* Collected material *
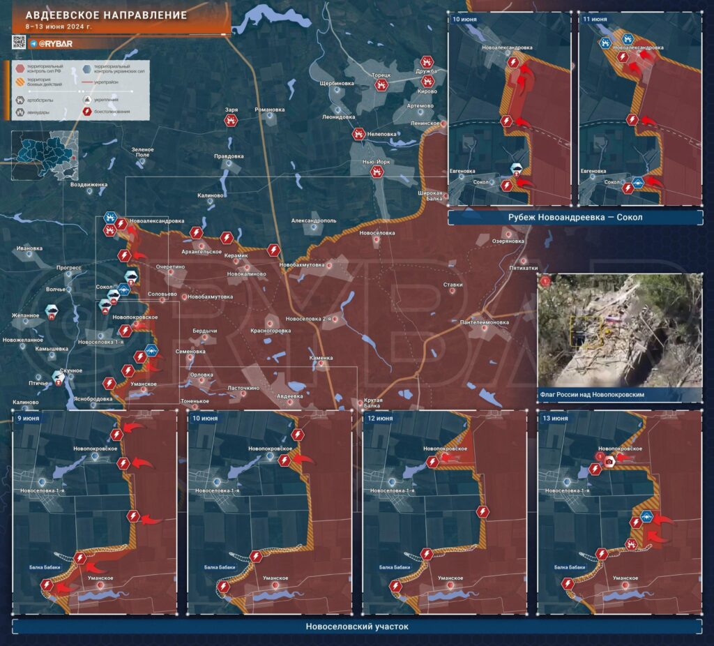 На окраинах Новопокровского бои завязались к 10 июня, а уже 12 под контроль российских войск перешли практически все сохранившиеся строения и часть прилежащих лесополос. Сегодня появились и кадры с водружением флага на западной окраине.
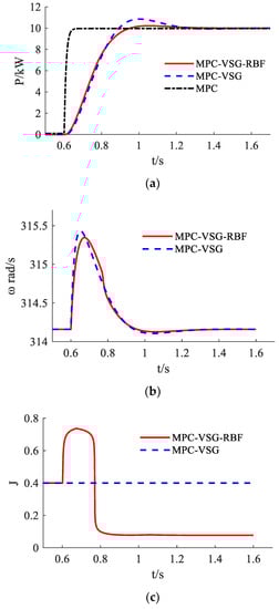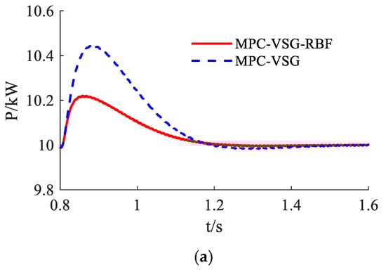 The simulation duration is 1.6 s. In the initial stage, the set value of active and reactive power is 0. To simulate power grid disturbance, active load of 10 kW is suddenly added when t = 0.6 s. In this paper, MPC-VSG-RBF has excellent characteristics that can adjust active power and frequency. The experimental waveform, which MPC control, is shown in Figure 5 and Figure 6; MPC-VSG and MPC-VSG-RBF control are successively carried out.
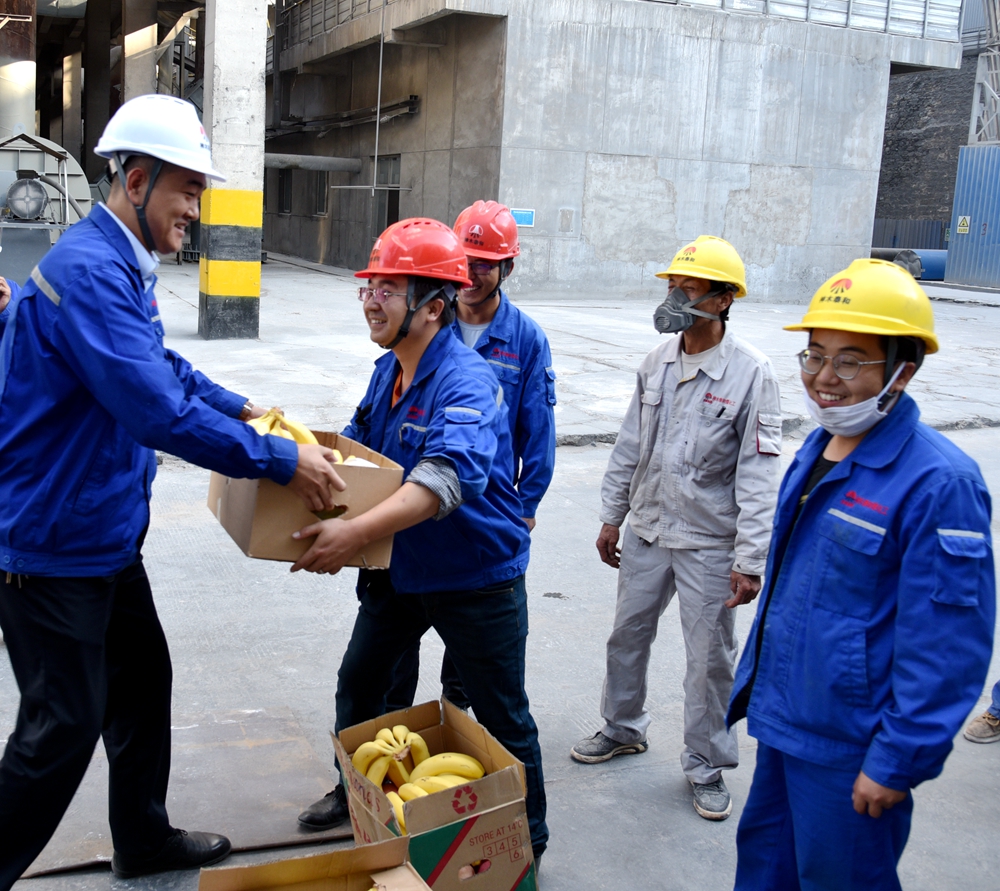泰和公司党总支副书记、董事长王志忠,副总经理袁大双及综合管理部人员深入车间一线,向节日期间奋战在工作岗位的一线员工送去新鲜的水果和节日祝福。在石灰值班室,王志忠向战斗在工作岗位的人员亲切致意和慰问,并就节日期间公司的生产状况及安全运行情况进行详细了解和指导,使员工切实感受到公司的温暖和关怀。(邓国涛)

* Task details *
Repeat the material verbatim. Do not carry over any picture.

* Result of this task *
 На окраинах Новопокровского бои завязались к 10 июня, а уже 12 под контроль российских войск перешли практически все сохранившиеся строения и часть прилежащих лесополос. Сегодня появились и кадры с водружением флага на западной окраине.
 The simulation duration is 1.6 s. In the initial stage, the set value of active and reactive power is 0. To simulate power grid disturbance, active load of 10 kW is suddenly added when t = 0.6 s. In this paper, MPC-VSG-RBF has excellent characteristics that can adjust active power and frequency. The experimental waveform, which MPC control, is shown in Figure 5 and Figure 6; MPC-VSG and MPC-VSG-RBF control are successively carried out.
泰和公司党总支副书记、董事长王志忠,副总经理袁大双及综合管理部人员深入车间一线,向节日期间奋战在工作岗位的一线员工送去新鲜的水果和节日祝福。在石灰值班室,王志忠向战斗在工作岗位的人员亲切致意和慰问,并就节日期间公司的生产状况及安全运行情况进行详细了解和指导,使员工切实感受到公司的温暖和关怀。(邓国涛)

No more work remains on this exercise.